Page MenuHomePhabricator

toolsdb: full disk on clouddb1001 broke clouddb1002 (secondary) replication
Closed, ResolvedPublic

Description

ToolsDB replication to clouddb1002.clouddb-services.eqiad1.wikimedia.cloud broke on 2022-02-15:

MariaDB [(none)]> show slave status\G
*************************** 1. row ***************************
[...]
                Last_IO_Errno: 1236
                Last_IO_Error: Got fatal error 1236 from master when reading data from binary log: 'binlog truncated in the middle of event; consider out of disk space on master; the first event 'log.275246' at 15499031, the last event read from 'log.275246' at 15499142, the last byte read from 'log.275246' at 15499161.'
[...]

and clouddb1001 indeed somehow went out of disk space:

image.png (670×1 px, 82 KB)

Related Objects

Event Timeline

taavi triaged this task as Unbreak Now! priority.Feb 17 2022, 9:24 AM
taavi created this task.
dcaro changed the task status from Open to In Progress.Feb 17 2022, 9:32 AM
dcaro claimed this task.
dcaro added a project: User-dcaro.
dcaro moved this task from To refine to Doing on the User-dcaro board.

Yep, from the logs:

Feb 15 10:28:30 clouddb1001 mysqld[2018]: 2022-02-15 10:28:30 140283553928960 [Warning] mysqld: Disk is full writing '/srv/labsdb/tmp/#sql_7e2_9.MAD' (Errcode: 28 "No space left on device"). Waiting for someone to free space... (Expect up to 60 secs delay for server to continue after freeing disk space)

According to the graphs there's something happening at around 03:39 machine time that triggers the disk spike, and crashes at 10:28:30, from the journal log I don't see anything suspicious at the start time.

According to the graphs there's something happening at around 03:39 machine time that triggers the disk spike, and crashes at 10:28:30, from the journal log I don't see anything suspicious at the start time.
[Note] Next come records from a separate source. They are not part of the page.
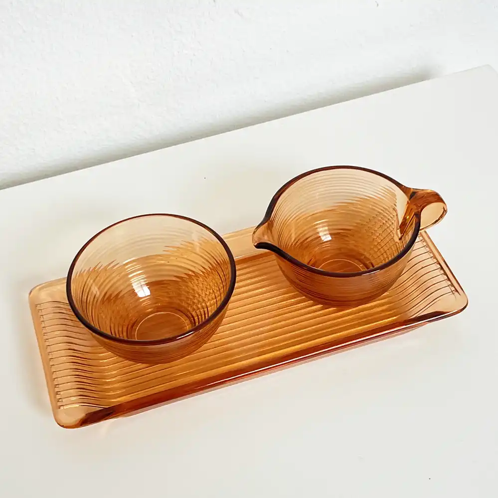 Das seltene Zucker- und Sahneservice von Wilhelm Wagenfeld stammt aus dem Jahr 1935/36 und basiert auf dem Pressglas der Heibronn Serie. Diese frühe Version ist noch ohne die spätere VLG-Rautenmarken.
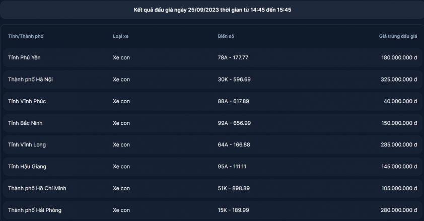 Trong chiều nay 25/9, Công ty Đấu giá hợp danh Việt Nam tiếp tục đưa ra đấu giá 23 biển số ô tô đẹp trong 3 khung giờ.
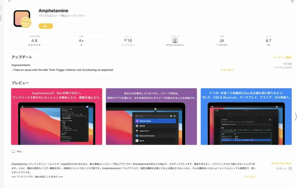 「Amphetamine」は、Macのスリープモードに入るタイミングをコントロールし、大きなファイルのダウンロードや動画書き出しの中断を防ぐことができるアプリです。
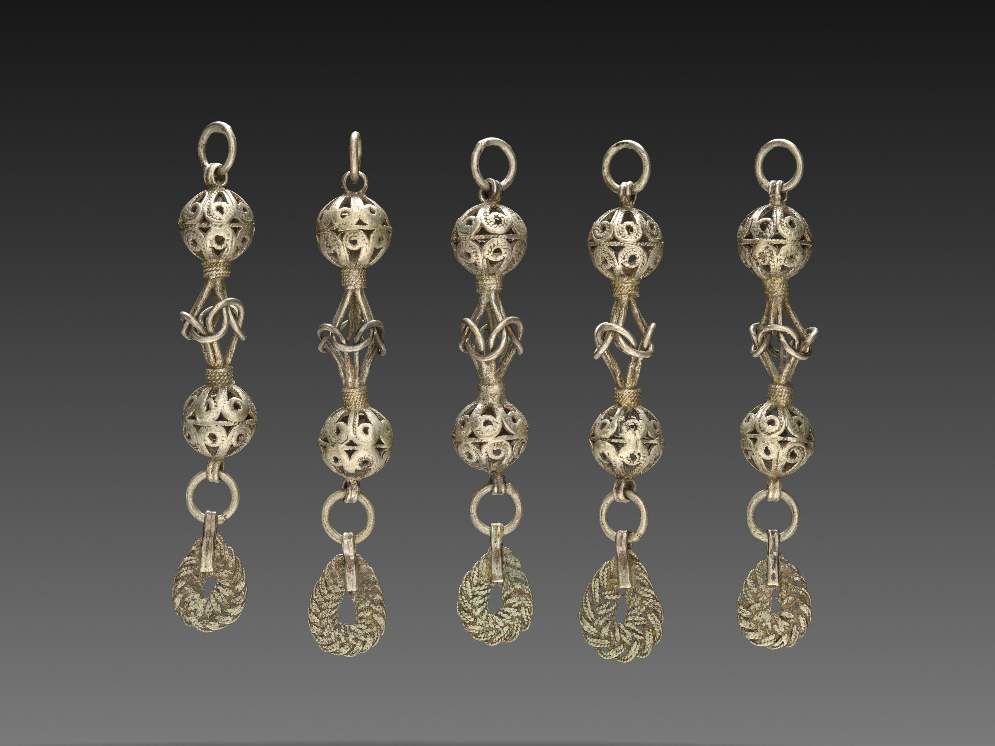 Set of Buttons by artist. Five gold-colored metal buttons with loop fastenings. Each button consists of a small spherical top with a loop attached; the top sphere of each has a textured surface with four rounded indentations on either side and a textured rope effect below. A twisted metal piece protrudes from the bottom; it then loops back on itself on either side and fastens to a second sphere below, which is similar to the top but slightly smaller. Below the second sphere is a single ring attached to a teardrop-shaped pendant with a leaf pattern. The background is dark grey at the top; it fades to light grey at the bottom.
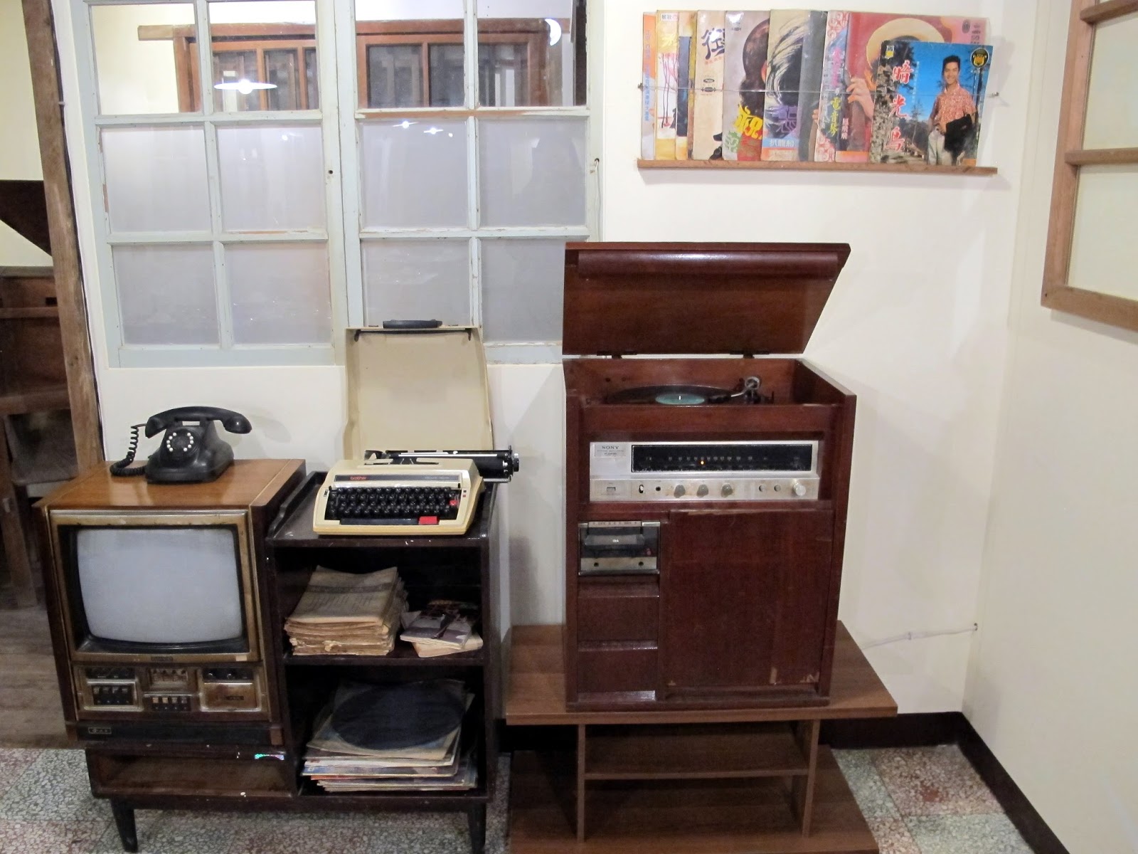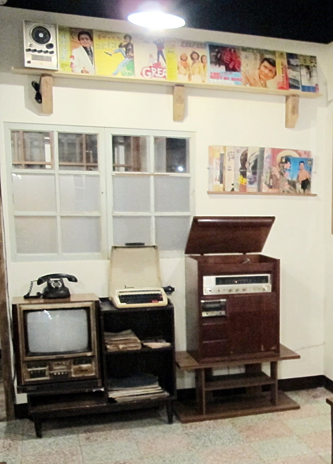 走上二樓可以看到更多早期吃飯使用器皿、鍋、碗、唱片、打字機、復古電視、、等
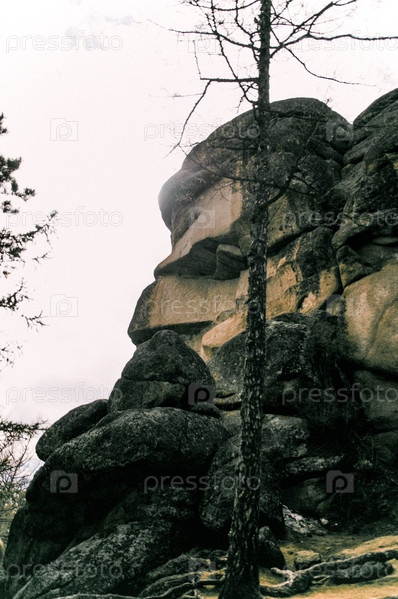 Ландшафт сибирских гор Столби, вершина горы в туманное лето
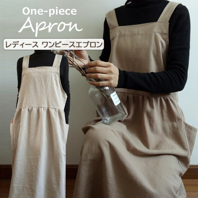 エプロン ワンピース 106cm丈 ナチュラル 北欧風 シンプル おしゃれ レディース 可愛い ポケット ギャザー切り替え 無地 お料理教室 ガーデニング ゆったりシルエット 全2色 カフェ
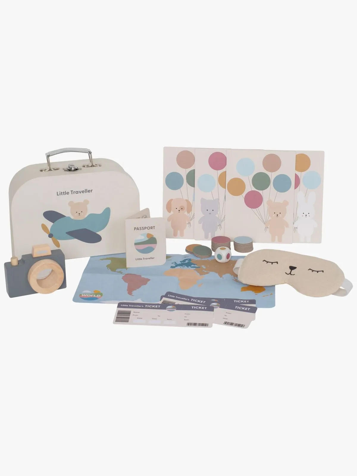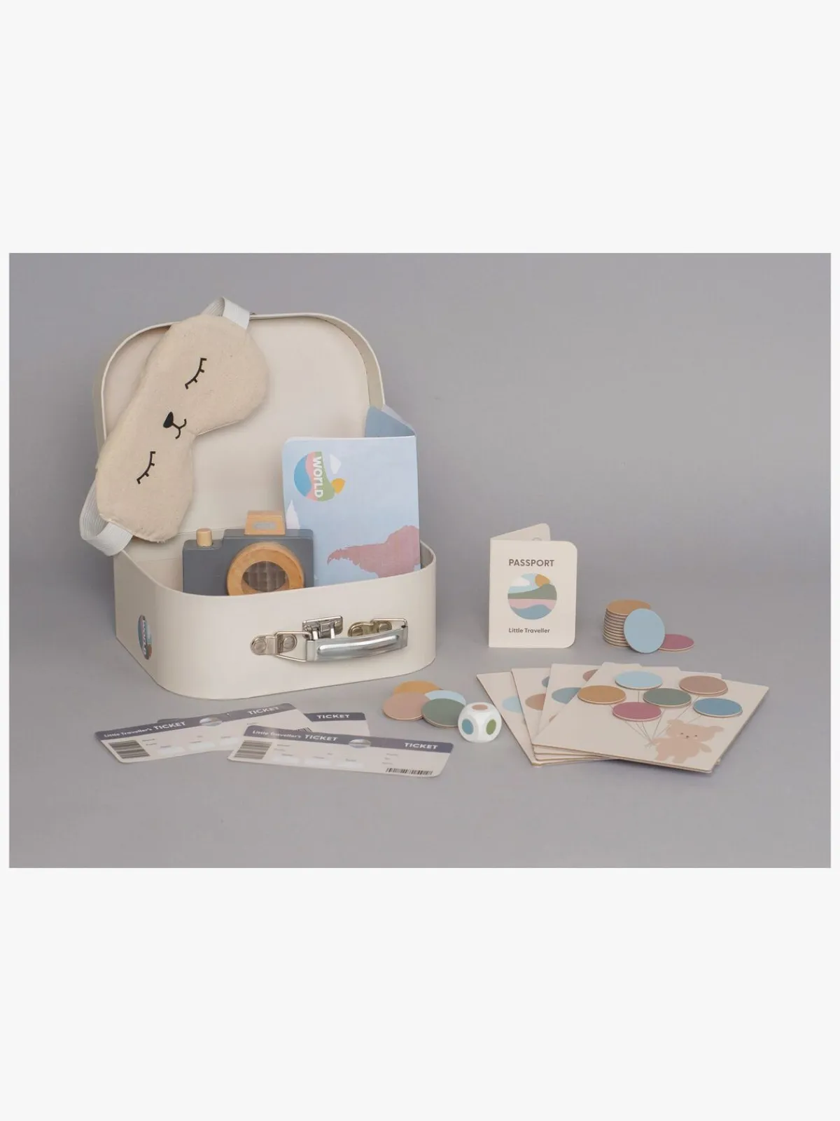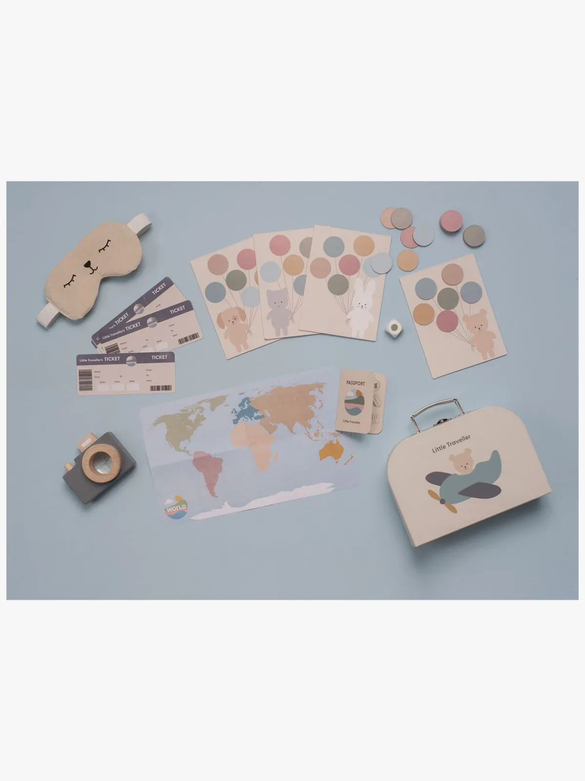 – Indeholder: 1 kuffert, 1 pas, 3 billetter, 1 kamera med prisme, 1 sovemaske, 1 verdenskort, 4 spillebrikker, 24 farvede brikker til spillet, 1 terning.
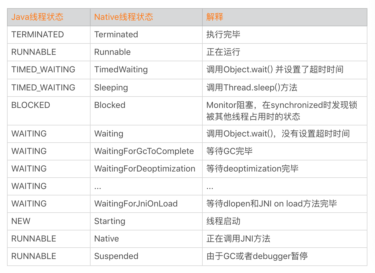 不同的Android版本Native线程的状态不太一样,例如Android 9.0就定义了27种线程状态,它能更加明确地区分线程当前所处的情况。关于Java线程状态、Native线程状态转换,你可以参考thread_state.h和Thread_nativeGetStatus。
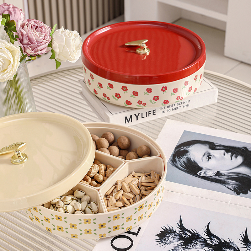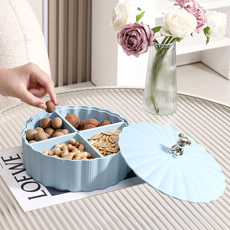 轻奢密封坚果零食摆放盘新款 分格干果盘收纳盒家用客厅茶几果盘
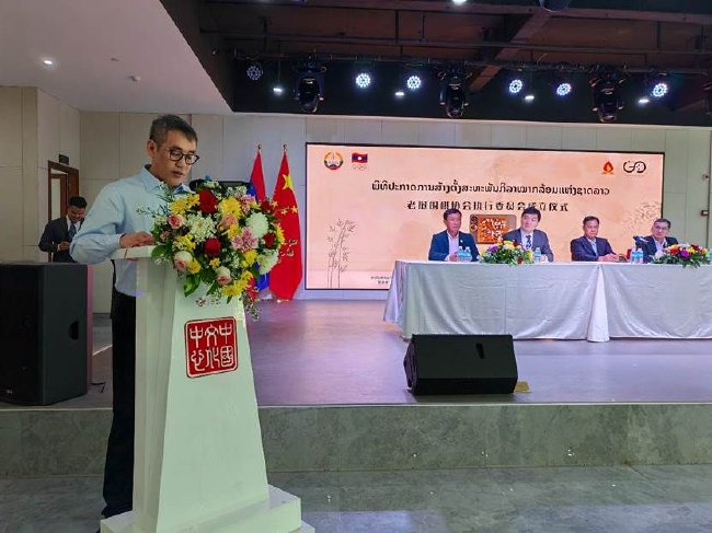 老挝教育与体育部高等体育司司长西占·吉达版亚亲自为老挝围棋协会授牌,标志着老挝围棋事业迈入规范化、系统化发展的新阶段。随后,西占·吉达版亚在致辞中表示,目前老挝围棋协会的工作已从中央延伸至各省,未来将逐步推动全国性围棋赛事的举办。他希望协会执行委员会成立后,全体同仁能够严守规章制度、凝心聚力、团结协作,推动老挝围棋运动实现更高质量的发展。同时,他向所有赞助单位表示衷心感谢,正是各方的鼎力支持,才让本次成立仪式及相关赛事得以顺利举办。他强调,围棋现已成为老挝40个正式体育项目之一,老挝教育与体育部高等体育司将持续加大对老挝围棋协会的支持力度,助力老挝围棋事业蓬勃发展。
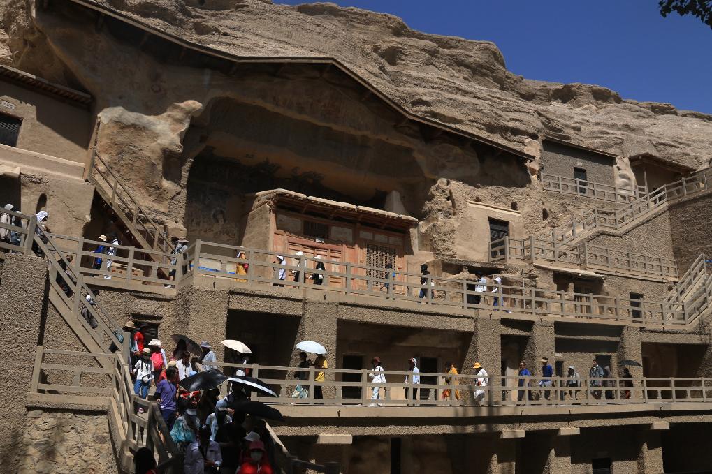 6月20日,游客在世界文化遗产甘肃敦煌莫高窟参观游览。新华社发(张晓亮 摄)

I see a spike of writes at roughly the same time:

image.png (772×1 px, 158 KB)

Not sure if we can be sure what tool is causing that, we have the processlist exporter enabled for prometheus_mysqld_exporter but I don't see the metrics on Prometheus. Maybe it's missing some grants:

MariaDB [(none)]> show grants for 'prometheus'@'localhost'\G
*************************** 1. row ***************************
Grants for prometheus@localhost: GRANT PROCESS, REPLICATION CLIENT ON *.* TO 'prometheus'@'localhost' IDENTIFIED VIA unix_socket WITH MAX_USER_CONNECTIONS 5
*************************** 2. row ***************************
Grants for prometheus@localhost: GRANT SELECT ON `heartbeat`.`heartbeat` TO 'prometheus'@'localhost'
2 rows in set (0.00 sec)

but the docs recommend granting SELECT globally

aborrero renamed this task from clouddb1002 (toolsdb secondary) replication broken to toolsdb: full disk on cloudddb1001 broke clouddb1002 (secondary) replication.Feb 17 2022, 11:16 AM

For now skipped the broken binlog jumping to the next working one:

# found the next binlog/position to start from
# was stuck at log.275246 event 15499142
# next event is log.275247 position 4 (binlogs start at 4)
# You can use mysqlbinlog to verify
# on the slave
sudo mysql
mysql> STOP SLAVE;
# verify that it stopped
mysql> SHOW SLAVE STATUS\G
# check Slave_IO_Running and Slave_SQL_Running should be no
mysql> CHANGE MASTER TO MASTER_LOG_FILE='log.275247', MASTER_LOG_POS=4;
mysql> START SLAVE;
# Then see that the slave picks up
mysql> SHOW SLAVE STATUS\G
# check Slave_IO_Running and Slave_SQL_Running should be yes
# and Seconds_Behind_Master should be going down bit by bit
aborrero lowered the priority of this task from Unbreak Now! to High.Feb 17 2022, 2:27 PM

The replica is still catching up, will leave it for the time being, will close the task once it's back in sync with the master.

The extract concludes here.